Accueil » Actualité » 50% des e-mails contiennent un traqueur espion selon cette étude

50% des e-mails contiennent un traqueur espion selon cette étude

Selon une étude menée par Proton Mail, pas moins de 50% des e-mails contiennent un traqueur espion ! L’entreprise nous explique en quoi sa solution permet de se protéger contre ces balises web qui dérobent discrètement nos données privées.
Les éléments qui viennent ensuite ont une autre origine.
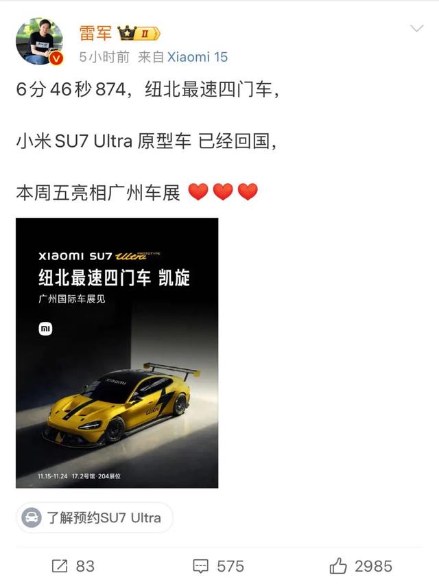 11月12日,雷軍在微博高調(diào)宣布:“小米SU7 Ultra原型車已經(jīng)回國,并將于廣州車展上正式亮相。”據(jù)了解,該車定位為巔峰性能科技轎車,定價(jià)為81.49萬元。然而,即便如此,在預(yù)訂開啟僅10分鐘內(nèi),小訂量就突破了3680臺(tái)。
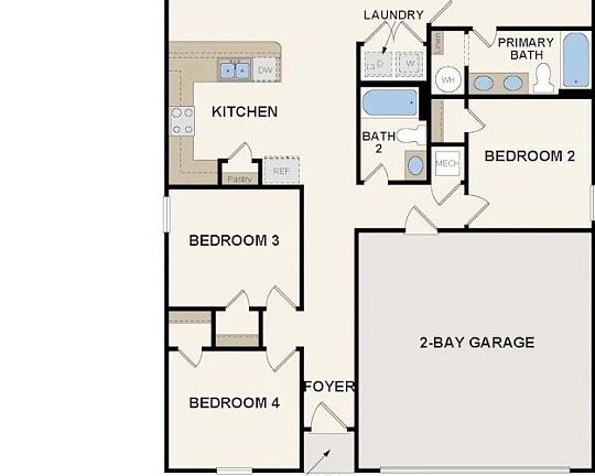 - Bedroom on Main Level, Dual Sinks, Eat-in Kitchen, Main Level Primary, Pantry, Tub Shower, Walk-In Closet(s), Great Room
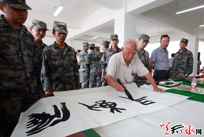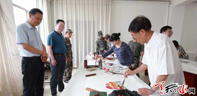 天天天水網(wǎng)訊 在中國人民解放軍建軍91周年即將來臨之際,為豐富武山駐地部隊官兵的文化生活,大力弘揚擁政愛民、軍民團(tuán)結(jié)的優(yōu)良傳統(tǒng)。7月31日,市“兩新”組織工委、社會組織黨委組織我市知名書畫家來到駐武68077部隊,與官兵指戰(zhàn)員們共聚一堂,開展“八一”慰問和書畫進(jìn)軍營活動,為他們送去節(jié)日的祝賀。市委組織部副部長、市非公有制經(jīng)濟(jì)和社會組織工委書記丁曉來出席慰問活動并講話,縣委常委、組織部長高朝峰參加慰問活動。
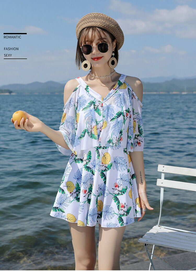水着 レディース 体型カバー セパレート 胸パット付き 水着 高校生 ワンピース アンダーパンツ 露出控えめ 総柄 ママ水着 長袖 サロペット 20代 30代 40代 快適 可愛い uvカット ショートパンツ Vネック 女性 バスト 盛れる 脚 二の腕 カバーアップ
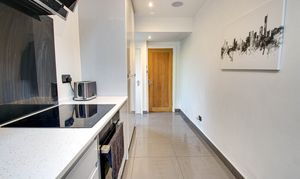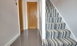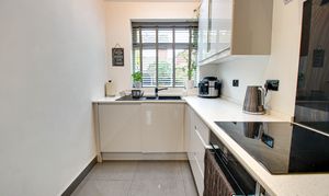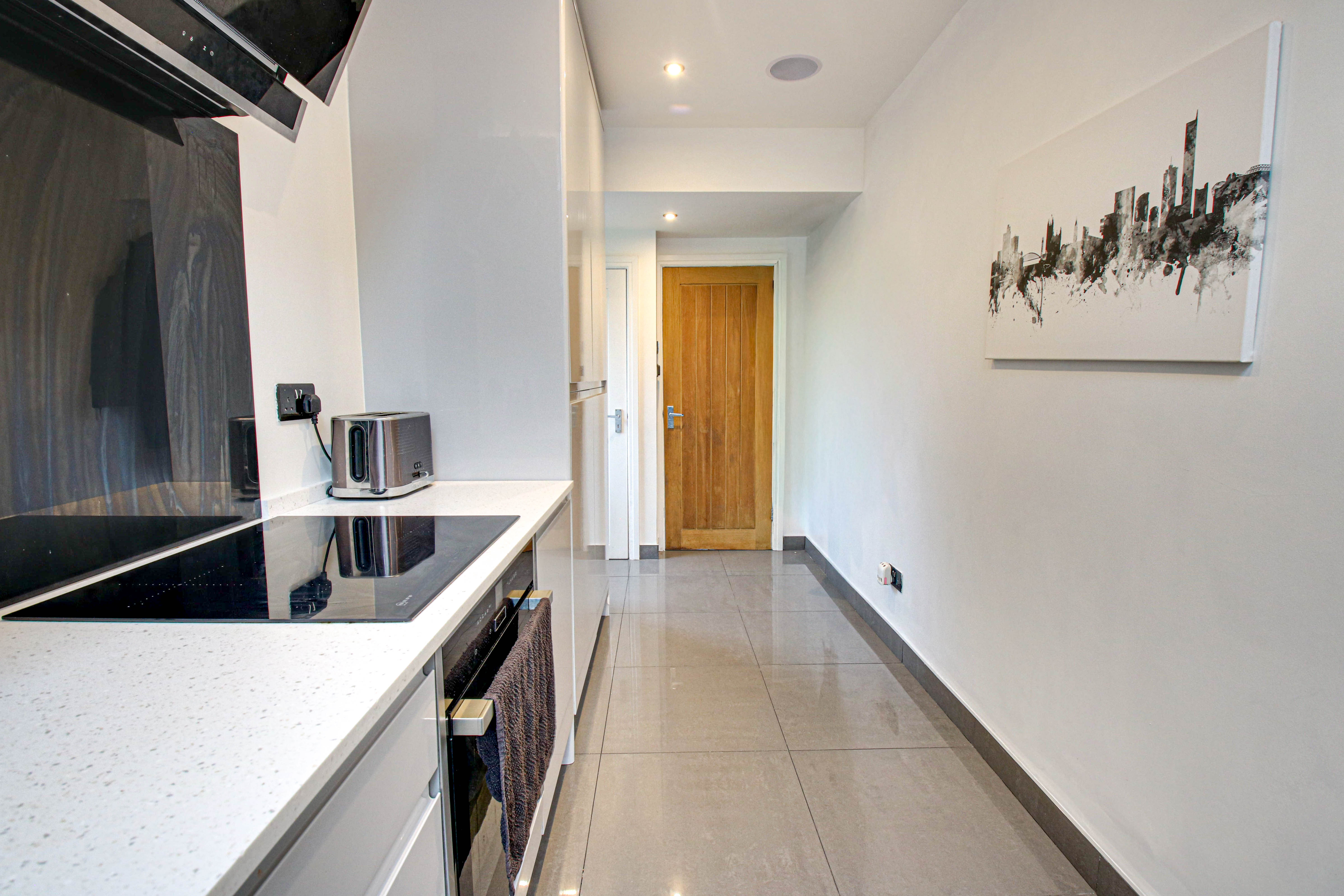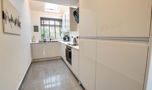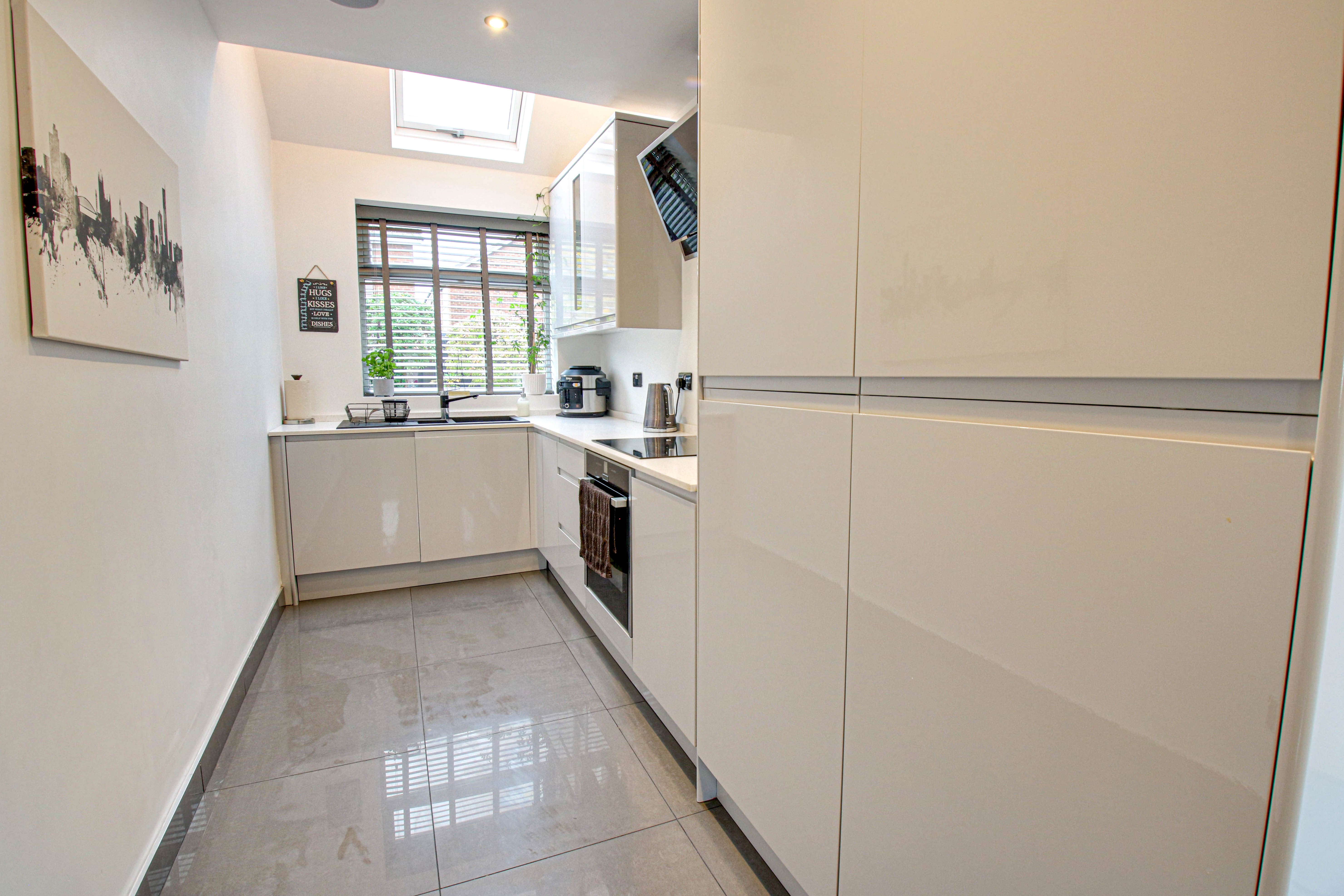 Rear facing upvc window, fitted range of base and wall units,Integral appliances, acrylic worktops, underfloor heating. Neff Hob, Electric oven, tiled flooring, Vaillant Boiler, under stairs cupboard.

Image 1 : 50% des e-mails contiennent un traqueur espion selon cette étude
© Unsplash/Justin Morgan

Selon une étude de Proton Mail, 50% des e-mails contiennent un traqueur espion. Ces e-mails vérolés s’échangent près de 166 milliards de fois par jour ! La société a recensé anonymement la quantité de traqueurs espions dans ses e-mails et en a conclu que la moitié en contiennent. Voici ce que nous dit l’étude menée par Proton Mail.

À lire > Twitter : des millions d’adresses e-mail d’utilisateurs volées lors d’un piratage de données

C’est quoi, un traqueur espion ?

Proton Mail déclare que son analyse est la plus grande étude du marché sur les traqueurs présents dans les e-mails. Environ 50% en contiennent, à savoir 166 milliards sur les 333,2 millions envoyés et reçus quotidiennement dans le monde.
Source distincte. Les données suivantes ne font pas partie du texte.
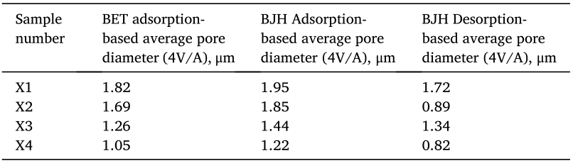 表2:基于BET、BJH的吸附解析模型得到的平均孔隙直径
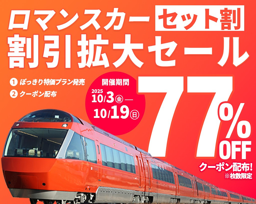 12/12(金)11:00~12/29(月)13:00までの期間限定で、小田急トラベルおすすめ宿の割引クーポンを枚数無制限で配布!クーポン併用+早割プラン+「ロマンスカーセット割」で1名につき最大10,540円割引に!宿限定クーポンは2026年3月31日(火)出発分までが対象です。
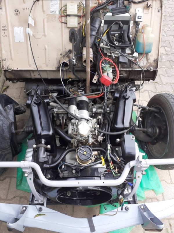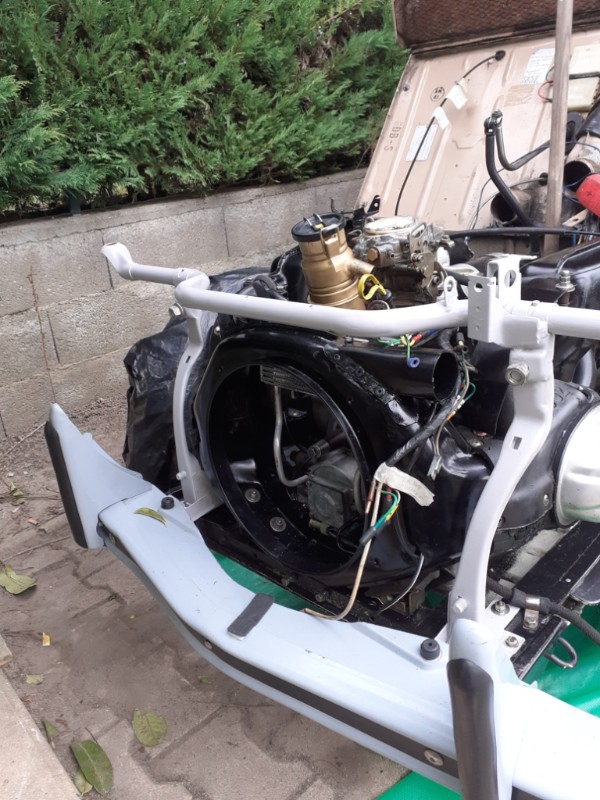ce matin j'ai remonté le moteur, après avoir changé tout les joints, avec l'aide de mon voisin, j'ai un peu galéré à cause de la boite et du silencieu avant, mais on a réussi avec l'aide du cric pour soulever la boîte, je remet les boîte de chauffage, repeint en noir, les refroidisseurs de disques repeint et le carénage de l'helice, j'ai repeint la barre des phares en gris Titanium,exactement le même gris rosé AC136,en bombe Delux valentine,pris chez Casto,la prochaine je refais celle des par chocs et peut-être les jantes, la nuit tombe, demain je termine les connections et des petites bricoles
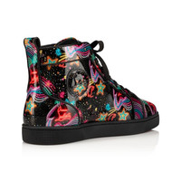 An iconic Maison Christian Louboutin model, the Louis high-top sneaker is part of the Viva Las Vegas collection. Crafted entirely in multicolored Starlight print patent calf leather, it pays homage to the neon hotel lights in this legendary city. With laces on the upper and a heel tab at the back, this model with a contrasting sole is both elegant and sporty. PRODUCT INFORMATION Reference: 1230465M024 Color: MULTI Material: Patent leather Collection: Summer 23
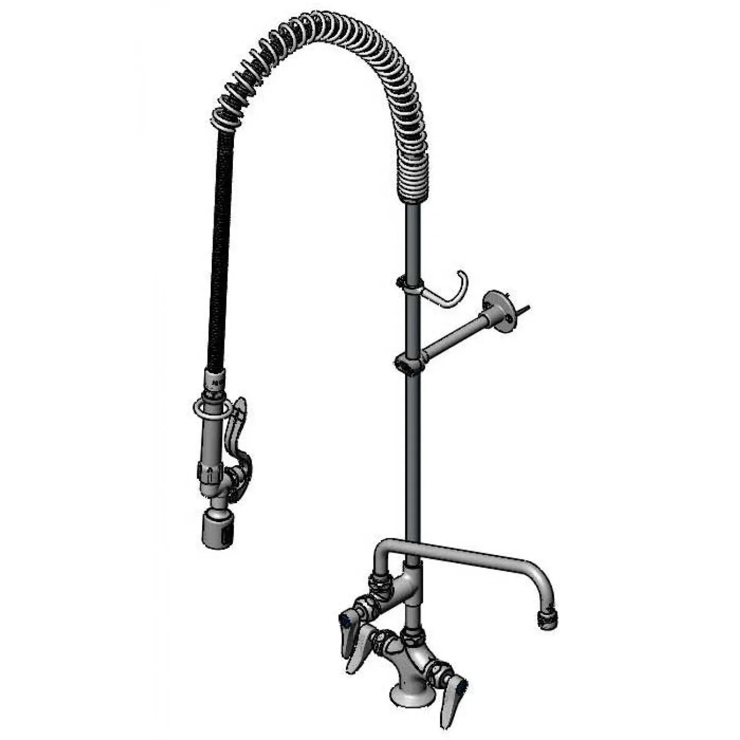 Ensure Equipment Consistency with the T&S Brass, B-0113-12-CRBJ, Pre-Rinse Faucet Assembly, with Add On Faucet. This single hole deck mount mixing faucet is designed to meet the demands of a busy commercial restaurant. With its polished chrome plated brass body, it not only adds a touch of elegance to your kitchen but also ensures durability and longevity. The 12" swing nozzle with a stream regulator outlet provides flexibility and convenience, allowing you to easily reach different areas of your sink. The easy-install add-on faucet further enhances functionality, making it easier to rinse dishes and utensils. This pre-rinse faucet assembly is a must-have for any restaurant looking to maintain equipment consistency and efficiency. Trust T&S Brass, a reputable vendor known for their high-quality products, to deliver a reliable and efficient solution for your restaurant's needs.
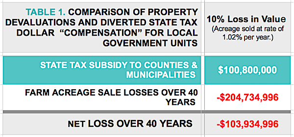 Local and state taxes are no longer collected for land with wind turbines. Independent studies estimate property value losses from 15 to 45%.9 Landowners and local officials need to stop and carefully analyze whether the diverted state tax dollar subsidy for losses due to the power plant are large enough to make up for the tax base and personal property losses that are risked as properties are sold at lower values over 40 years. As summarized in Table 1, If the average parcel of impacted land is 100 acres and only 1% of property across the impact area is sold per year at a loss of 10%, the payments to the governmental units would be $100 million lower than these losses.10
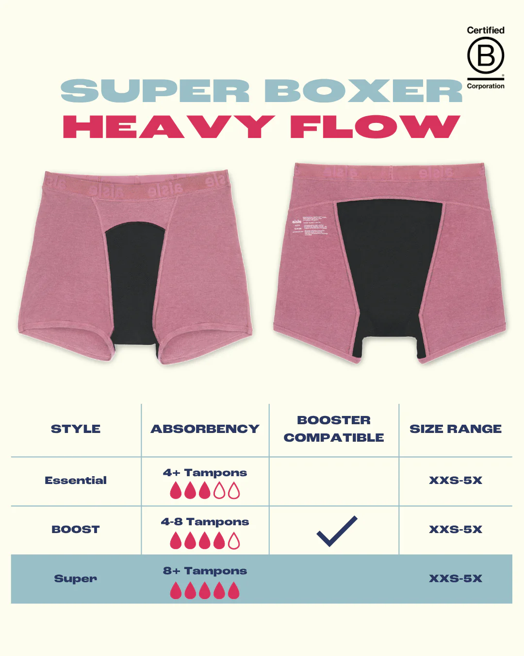 With multiple absorbency levels and removable boosters, Aisle period underwear works for a wide range of flows.
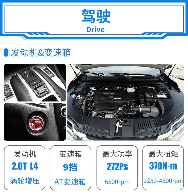 本田冠道一共有两个动力版本,分别由1.5T和2.0T两款发动机组成。本次测试的2.0T车型,最大272匹马力,峰值扭矩370牛·米,匹配的是9AT变速箱。冠道的动力相较于同级别车型来说高出不少,本田在动力方面一直有着比较出色的表现。
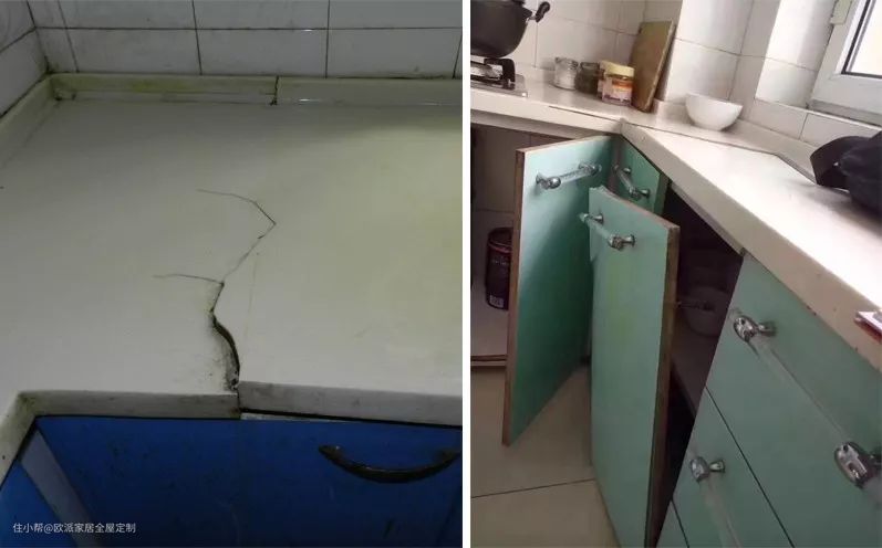 重则台面开裂、柜门掉落↓

Ces e-mails vérolés se reposent sur les pixels espions (appelés images transparentes ou balises web) qui prennent la forme d’une image transparente avec un seul pixel. Quand vous cliquez sur un e-mail qui contient un traqueur espion, des données privées sont collectées. On parle notamment des données de géolocalisation. Mais à qui paie le crime ? Selon Proton Mail, aux newsletters et aux courriels publicitaires.
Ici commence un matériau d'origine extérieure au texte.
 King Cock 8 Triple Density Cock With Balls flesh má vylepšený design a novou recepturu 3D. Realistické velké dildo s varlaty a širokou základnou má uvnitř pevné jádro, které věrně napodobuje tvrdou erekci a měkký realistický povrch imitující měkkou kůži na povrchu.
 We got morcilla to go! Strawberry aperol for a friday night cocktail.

Vous vous en doutez, les résultats de cette étude servent aussi à vendre les services de Proton Mail. Selon l’entreprise, sa solution offre une protection contre ces traqueurs espion qui pourrissent la moitié de nos mails. Cette fonctionnalité anti-tracking est en place sur la version web et iOS de la messagerie.

Une meilleure protection offerte par Proton Mail ?

Proton Mail offre plusieurs fonctionnalités intéressantes comme le masquage des adresses IP ou le chiffrement des messages. Le service glisse un petit tacle aux grands concurrents du milieu comme Google avec Gmail dont « le modèle économique est basé sur la surveillance et la publicité » selon le PDG de Proton Mail, Andy Yen.

Notons que ces traqueurs espion n’ont rien de nouveau et progressent depuis plusieurs années. Sans le savoir, vous en avez déjà été victime ! De là à passer à Proton Mail, à vous de juger si les arguments du service sont convaincants.